In this study, to decrease the evaluation uncertainty of the fatigue characteristics of cement-treated aggregate base materials under different test conditions, unconfined compressive, indirect tensile, flexural tensile strength tests and fatigue tests of these base materials with different cement content and at different curing times were carried out. The Weibull distribution was employed to analyze fatigue test results. The standardization model of fatigue characteristics for cement-treated aggregate base materials under different stress states was established. Based on the interval analysis theory, the fatigue characteristic model under different stress states was established using interval parameters. Results revealed that the curing time and cement content considerably affect the strength and fatigue characteristics of cement-treated aggregate base materials, and with increasing cement content and curing time, the fatigue resistance of cement-treated aggregate base materials can be improved.
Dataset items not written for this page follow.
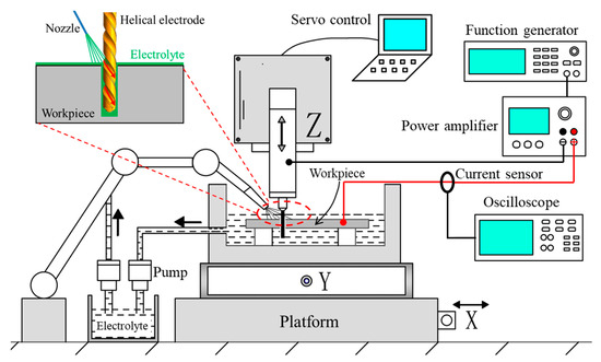 - Wang, M.H.; Zhang, Y.B.; He, Z.W.; Peng, W. Deep micro-hole fabrication in EMM on stainless steel using disk micro-tool assisted by ultrasonic vibration. J. Mater. Process Tech. 2016, 229, 475–483. [Google Scholar] [CrossRef]
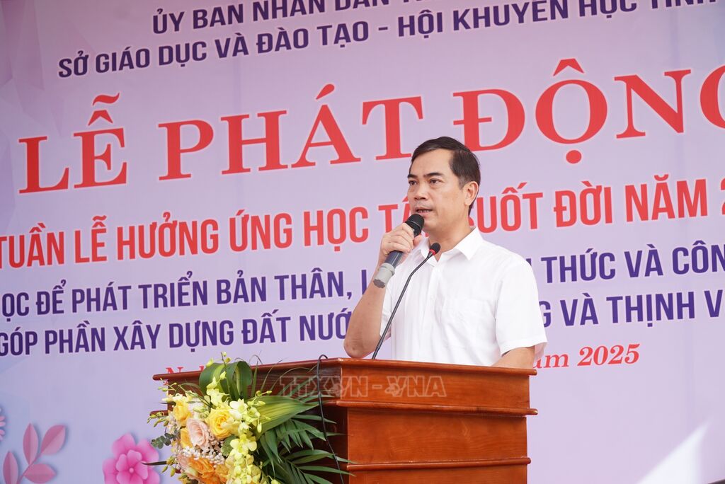 Để hiện thực hóa những mục tiêu trên, tại Lễ phát động, lãnh đạo Sở Giáo dục và Đào tạo đề nghị các cấp ủy, chính quyền, đoàn thể tiếp tục quan tâm, đồng hành, dành nhiều nguồn lực hơn nữa cho việc xây dựng xã hội học tập, tạo điều kiện để mọi công dân, dù ở lứa tuổi nào, hoàn cảnh nào, cũng được tiếp cận với tri thức và công nghệ mới. Các cơ sở giáo dục, thư viện, trung tâm học tập cộng đồng cần phát huy tính sáng tạo, tổ chức những hoạt động thiết thực, khơi dậy văn hóa đọc, văn hóa học tập, để mỗi trường học trở thành “ngôi nhà tri thức”, mỗi làng quê trở thành “ngôi làng học tập”. Mỗi cán bộ, công chức, viên chức, mỗi người dân nêu cao tinh thần tự học, lan tỏa tri thức, góp phần hình thành một cộng đồng cùng học tập, cùng tiến bộ. Học sinh, sinh viên nuôi dưỡng khát vọng, hun đúc ý chí, không ngừng nghiên cứu, sáng tạo, khởi nghiệp, để trở thành những công dân toàn cầu, là lực lượng tiên phong đưa quê hương, đất nước vươn tầm./.
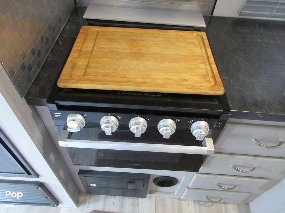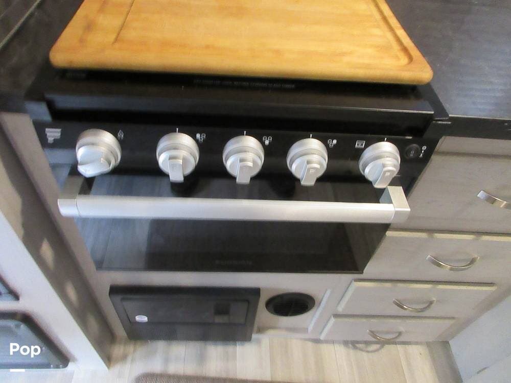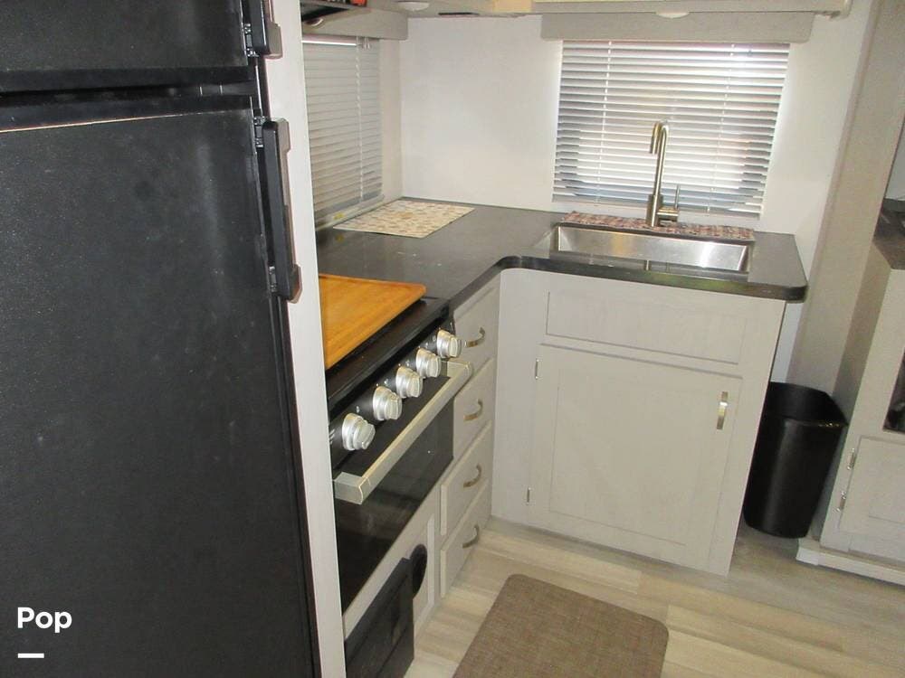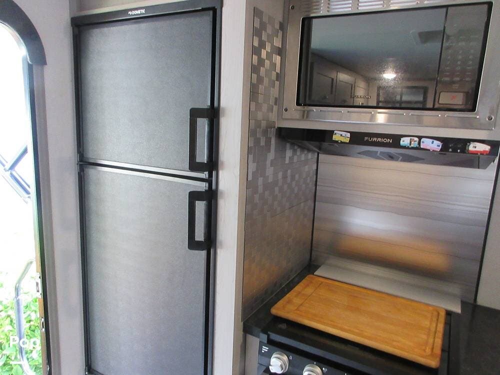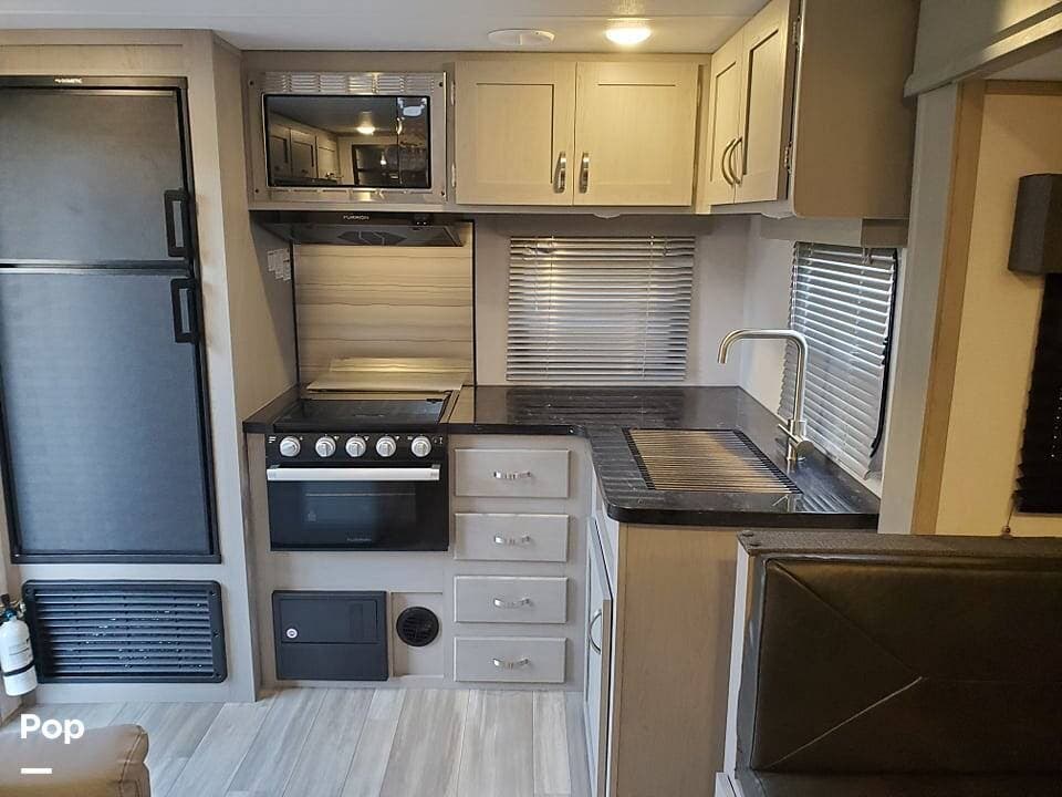 This 2021 Prime Time Tracer 24RKS has a full rear kitchen that includes plenty of counter space to prep and cook meals, plus there is a refrigerator to store all your perishables. Also a microwave, stove, refrigerator and an oven.
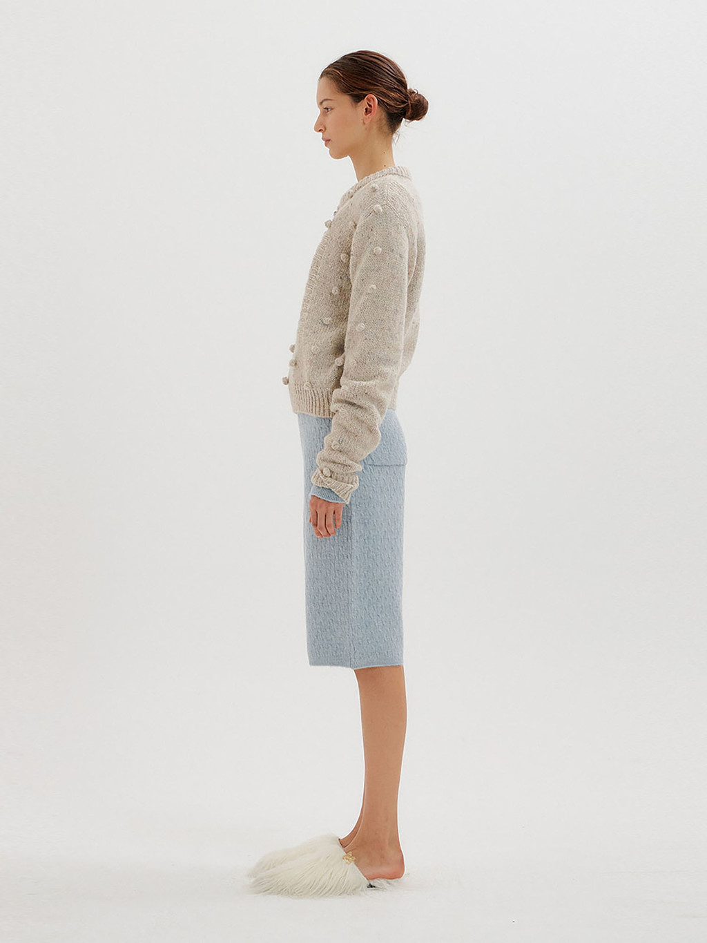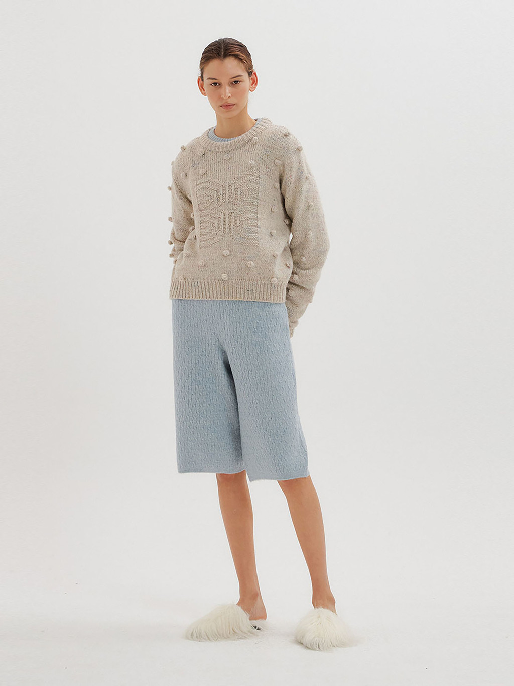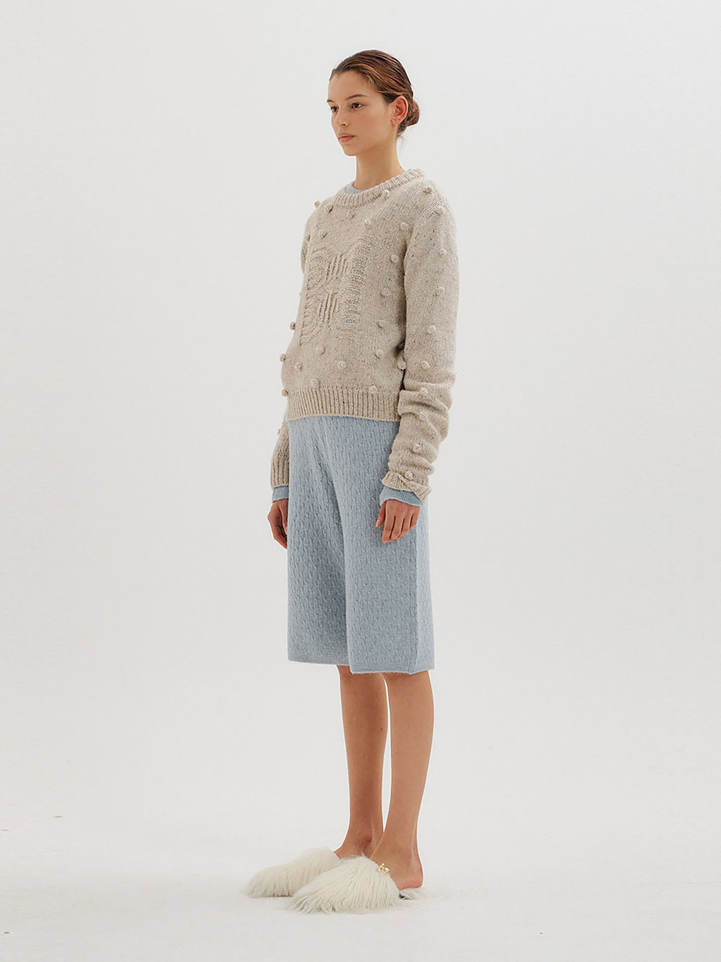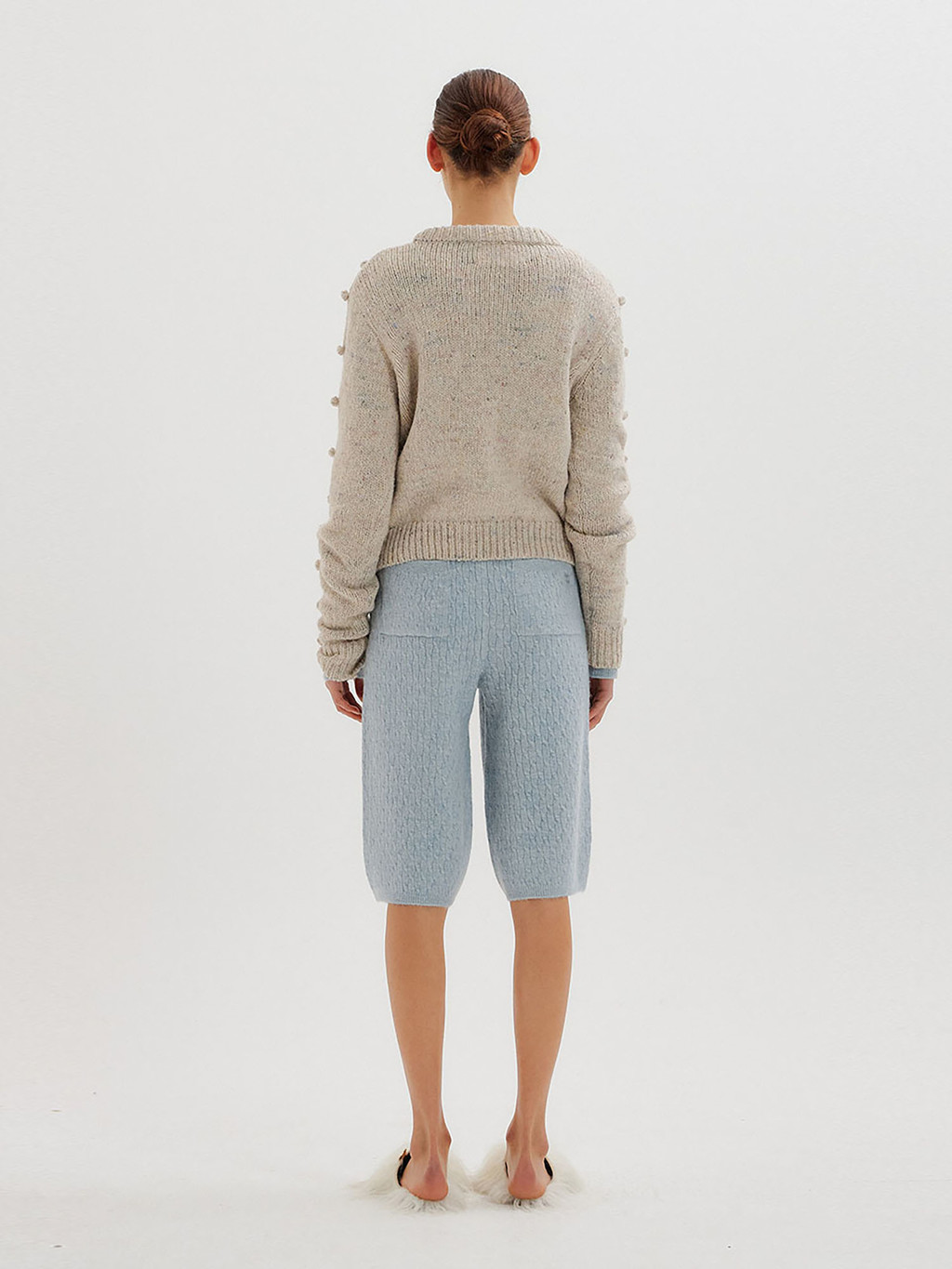 - Light grey pompom knit pullover interspersed with colored yarn.

Clear differences between the fitting parameters a and b of the S-N fatigue equation of cement-treated aggregate base materials under different stress states were observed, which can be eliminated by using the analysis method based on the Weibull distribution and the standardization model, and a unified expression for the cement-treated aggregate base materials under different test conditions was realized. A Standardization model of fatigue characteristics based on the interval analysis new method could solve several problems such as inadequate sampling representation, low precision, and insufficient stability of test equipment; thus, the errors caused by materials, structures, the environment, and loads can be reduced, making the fatigue life interval more reasonable and scientific compared to the point numerical fatigue life. Regression parameters a and be were in intervals [9.0, 10.6] and [9.9, 11.3], respectively, and parameters a and b were similar, which improve the test accuracy and reduce the data error.